Wakil Presiden Filipina Sara Duterte membantah bahwa dirinya berencana membunuh Presiden Ferdinand Marcos. Ia mengatakan bahwa komentarnya yang memicu penyelidikan pemerintah hanya mencerminkan "kekhawatiran" terhadap mantan sekutunya.
Kemarin, Departemen Kehakiman negara itu menyebut Duterte sebagai "otak dalang" dari sebuah rencana pembunuhan presiden dan mengeluarkan panggilan pengadilan yang menuntutnya untuk hadir dalam penyelidikan resmi.
Langkah itu diambil setelah Duterte memberi tahu wartawan bahwa dia telah memerintahkan salah satu anggota tim keamanannya untuk membunuh Marcos, istrinya Liza Araneta-Marcos, dan sepupunya Martin Romualdez jika rencana pembunuhan terhadapnya berhasil.
Namun, Duterte tampaknya menarik kembali komentar tersebut hari ini. Ia menggambarkan pernyataan itu sebagai ekspresi "kekhawatiran" atas "kegagalan pemerintahan Marcos untuk melayani rakyat Filipina sementara mereka dengan ahli menganiaya musuh-musuh politik".
Dia juga mengatakan tuduhan pemerintah tentang rencana pembunuhan itu hanya "lelucon".
"Akal sehat seharusnya cukup bagi kita untuk memahami dan menerima bahwa tindakan balas dendam bersyarat yang seharusnya tidak merupakan ancaman aktif. Ini adalah rencana tanpa dasar," kata Duterte dalam sebuah pernyataan.
"Saya yakin bahwa penyelidikan yang jujur akan dengan mudah mengungkap narasi ini (tentang rencana pembunuhan Marcos) sebagai lelucon, khayalan, atau tidak ada apa-apanya sama sekali."
'Ancaman aktif'
Aliansi Marcos-Duterte yang meraih kekuasaan pada tahun 2022 telah runtuh secara spektakuler menjelang pemilihan paruh waktu tahun depan, dengan kedua belah pihak saling menuduh tentang kecanduan narkoba.

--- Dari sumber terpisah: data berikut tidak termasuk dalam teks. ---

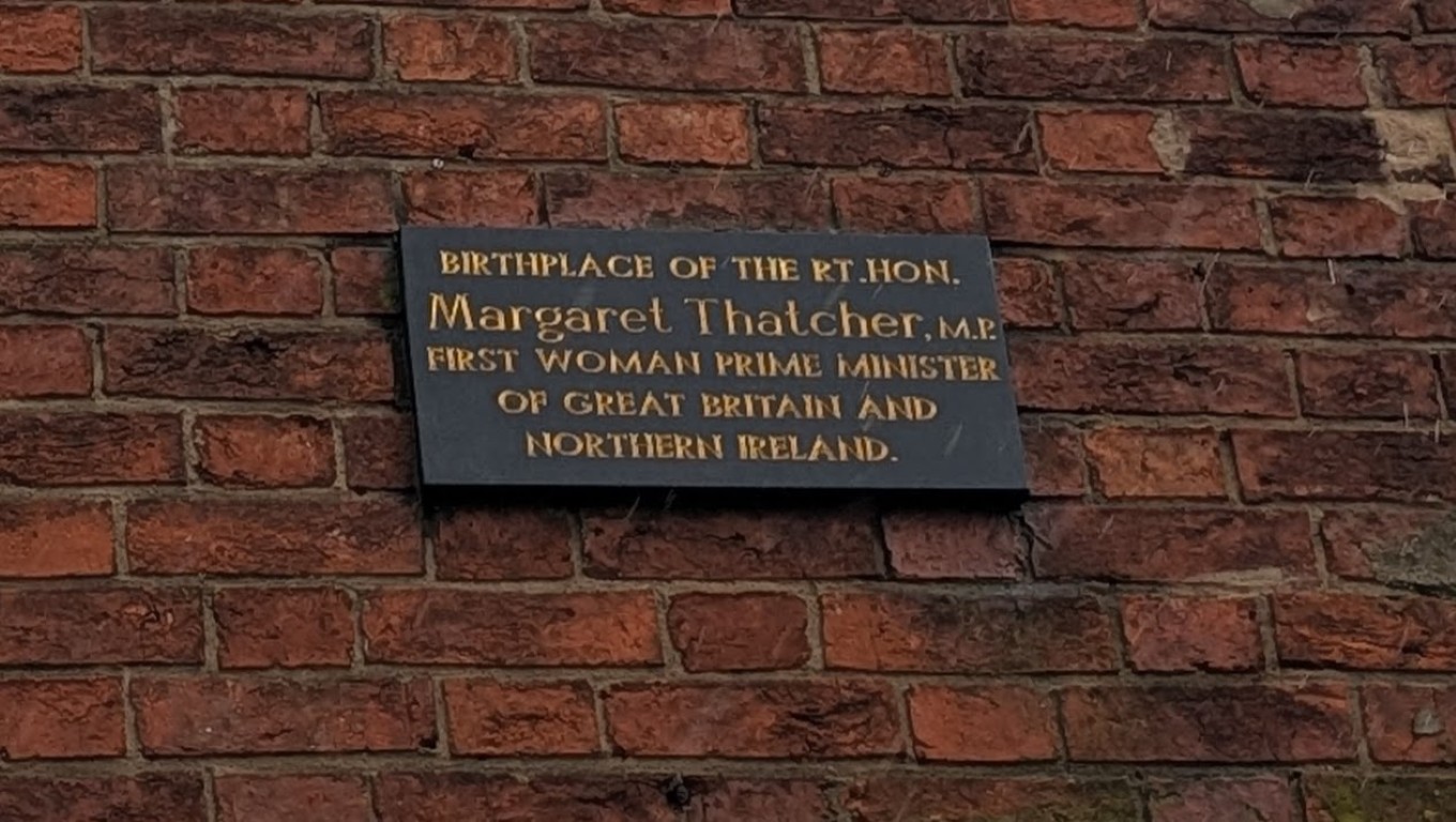 The weather that weekend was fairly miserable, but we decided to head out on Sunday morning anyway. It was "chucking it down" with rain as we made our way toward her childhood home. Visiting was a slightly strange experience; the town itself famously has a complicated relationship with Thatcher, given how incredibly divisive a figure she remains. Do they celebrate, or do they ignore?
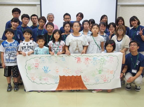 その後、大学生と子どもたちで手形アートを作成しました。
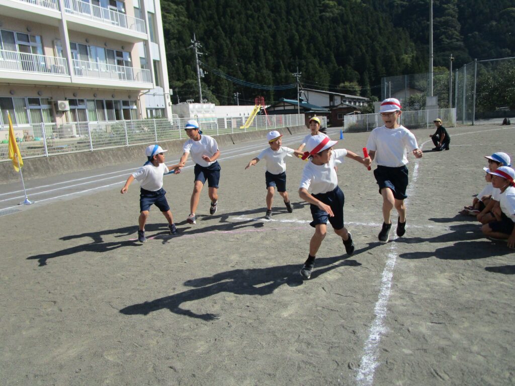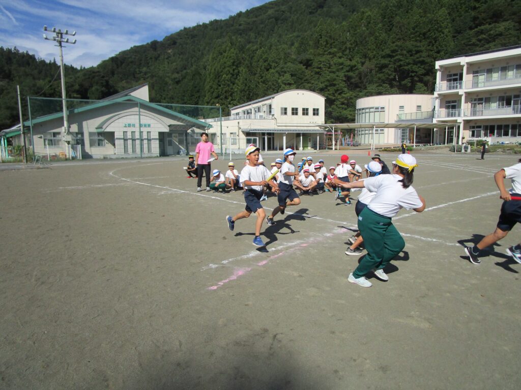 1校時は全員リレーの練習を行いました。気候もよく気持ちよい空気の中、バトンをつなぎました。入場と退場も合わせて行いました。
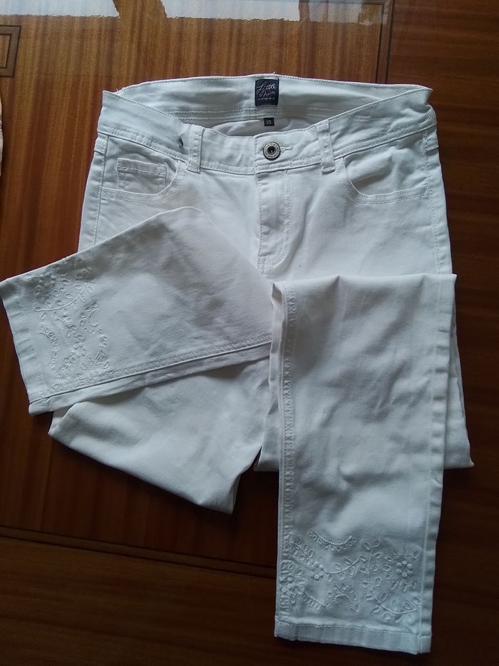 Jean blanc avec broderie anglaise en bas et durpoche arrière droite
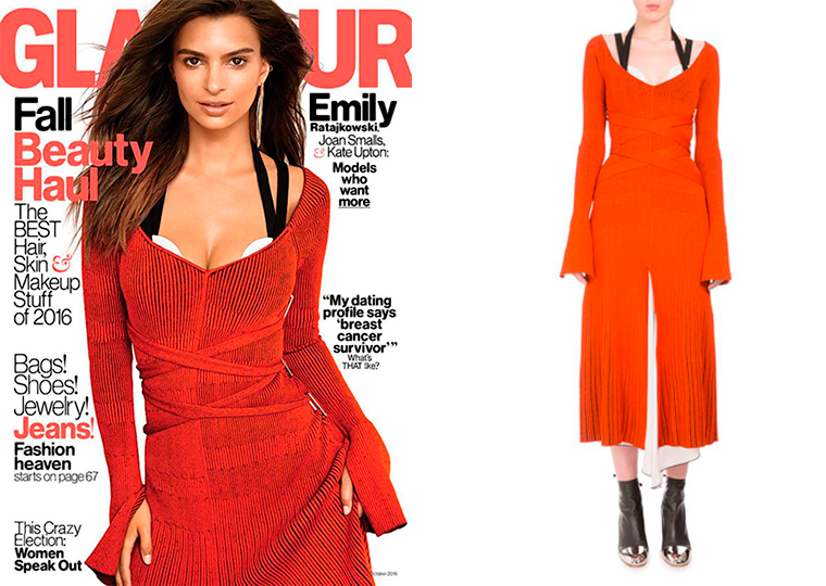 В прошлом сезоне глянцевые журналы были так же неравнодушны к платью Proenza Schouler: в нем на съёмках засветились Эмили Ратаковски (25), Джиджи Хадид (21) и Кендалл Дженнер (21).

Dalam konferensi pers yang penuh umpatan pada hari Sabtu, Duterte menyebut pasangan Marcos dan Romualdez sebagai target, dengan mengatakan bahwa dia telah memberi tahu seorang anggota tim keamanan: "Jika saya mati, jangan berhenti sampai Anda membunuh mereka."
Beberapa jam kemudian, istana presiden mengatakan bahwa mereka menganggap komentar tersebut sebagai "ancaman aktif".
Duterte, putri mantan presiden Rodrigo Duterte, adalah calon wakil presiden Marcos dalam pemilihan presiden yang dimenangkan secara telak.
Ia tetap menjadi penerus konstitusionalnya jika Marcos tidak dapat menyelesaikan masa jabatan enam tahunnya.
Namun, saat ini ia menghadapi penyelidikan di DPR, yang dipimpin oleh Romualdez, atas dugaan penyalahgunaan dana pemerintah senilai jutaan dolar.
Romualdez dan Duterte secara luas diperkirakan akan mencalonkan diri sebagai presiden pada tahun 2028.
Duterte mengundurkan diri sebagai menteri pendidikan pada bulan Juni karena hubungan antara kedua keluarga mencapai titik kritis.
Pada bulan Oktober, wakil presiden mengatakan ia merasa "dimanfaatkan" setelah bekerja sama dengan Marcos untuk pemilihan 2022.
Beberapa bulan sebelumnya, ayahnya menuduh Marcos sebagai "pecandu narkoba", dan keesokan harinya presiden mengklaim kesehatan pendahulunya menurun karena penggunaan jangka panjang opioid fentanil yang kuat.
Wakil presiden mengatakan kepada wartawan hari ini: "Saya setuju dengan anggapan bahwa dia (Marcos) adalah seorang pecandu narkoba".